Капуцины
Шрифт:
То ли угроза учинить расправу над капуцинами возымела действие, то ли постоянное навязчивое присутствие охранников в любом уголке корабля сыграло свою роль, только следующие пять дней прошли в абсолютном спокойствии. Большую часть времени Бахал лично нес дежурство у каюты князя. Не то, чтобы он не доверял своим людям – просто считал, что лишний раз попасться на глаза владетелю в такой напряженной ситуации не помешает.
Да только, вот беда, напряжение с каждым днем спадало, и Бахал почувствовал, что в атмосфере относительного покоя его усердие может пропасть в туне, а чего доброго, и навредить. Взбалмошному и непостоянному князю однажды могла надоесть огромная фигура, непрестанно слоняющаяся перед дверью его каюты. Так
Бахал, конечно, преувеличивал. Даган прекрасно отдавал себе отчет, что спокойствие на «Шторме» кажущееся и может быть в любой момент нарушено. К тому же о возможности бунта его предупреждал Илуш. Поэтому, как бы сильно охранник не намозолил глаза князю, а избавлять себя от его общества Даган не собирался.

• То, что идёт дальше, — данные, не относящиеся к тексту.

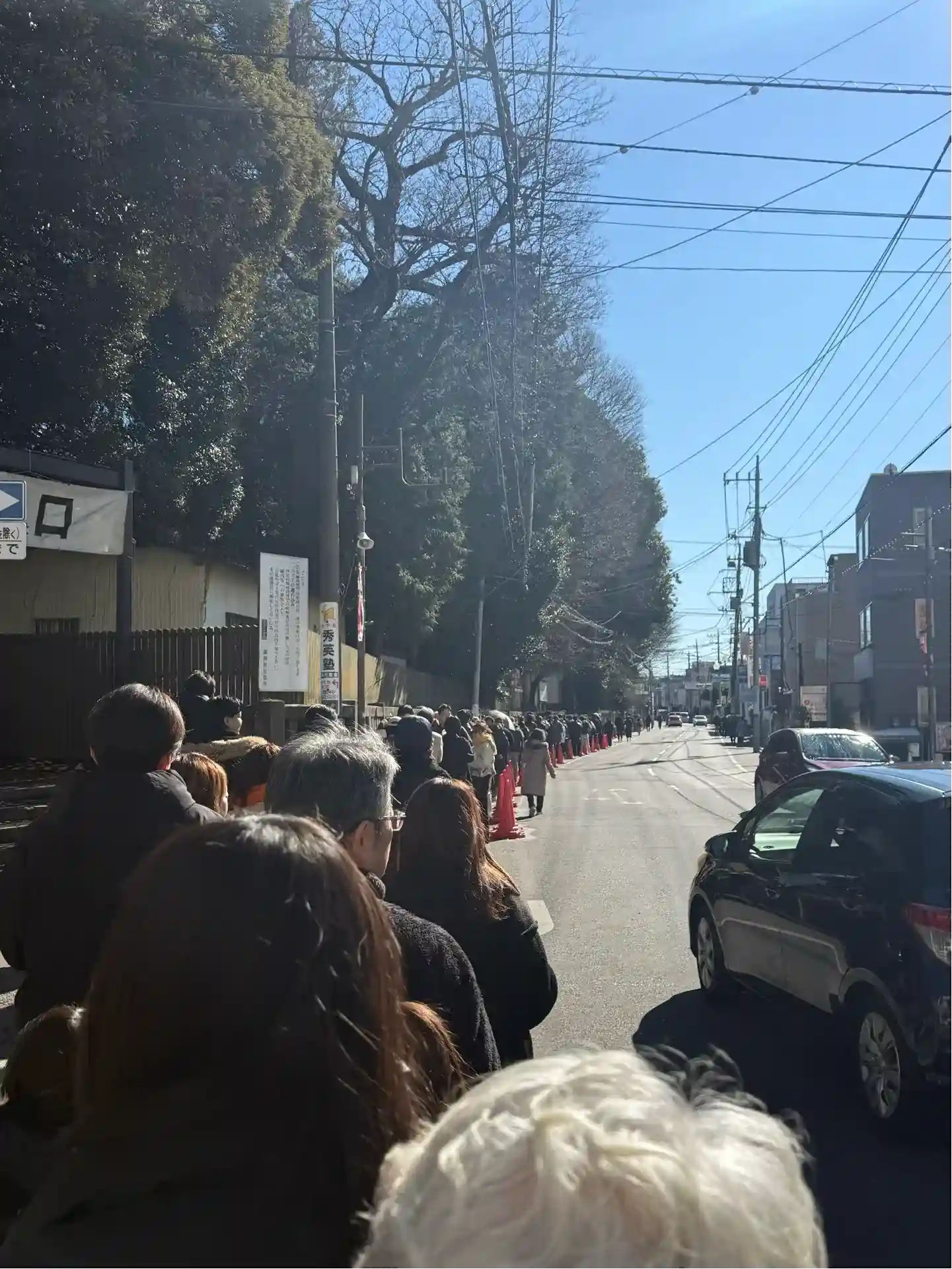 神社に入る前の道路に長蛇の列

Но Бахал провел при княжеском дворе больше десятка лет. Он видел стремительные взлеты и еще более стремительные падения. Он наблюдал их со стороны и вовсе не горел желанием поучаствовать в этих качелях лично. Неплохо изучивший искусство интриги, он решил посильнее привязать к себе князя. Сделать это казалось тем более просто, что возмущение в умах людей было только притушено, но не погасло окончательно. Нужна была самая малость – какая-нибудь бестактность, которая снова возбудит недовольство команды. Не насилие, не явный террор – ни в коем случае! После такого очень сложно будет оправдаться перед князем. Чего доброго, он догадается об истинных намерениях телохранителя и отправит вслед за Хаддадом поплавать в открытом космосе. А бестактность – это не злонамеренность, это лишь оплошность. Совершив ее, Бахал всегда сможет оправдаться тем, что он солдат, а не придворный, а в солдатской среде грубость – норма, а этикет – исключение. Стоит ли винить солдата, который без злого умысла, но исключительно по привычке, нанес кому-то оскорбление?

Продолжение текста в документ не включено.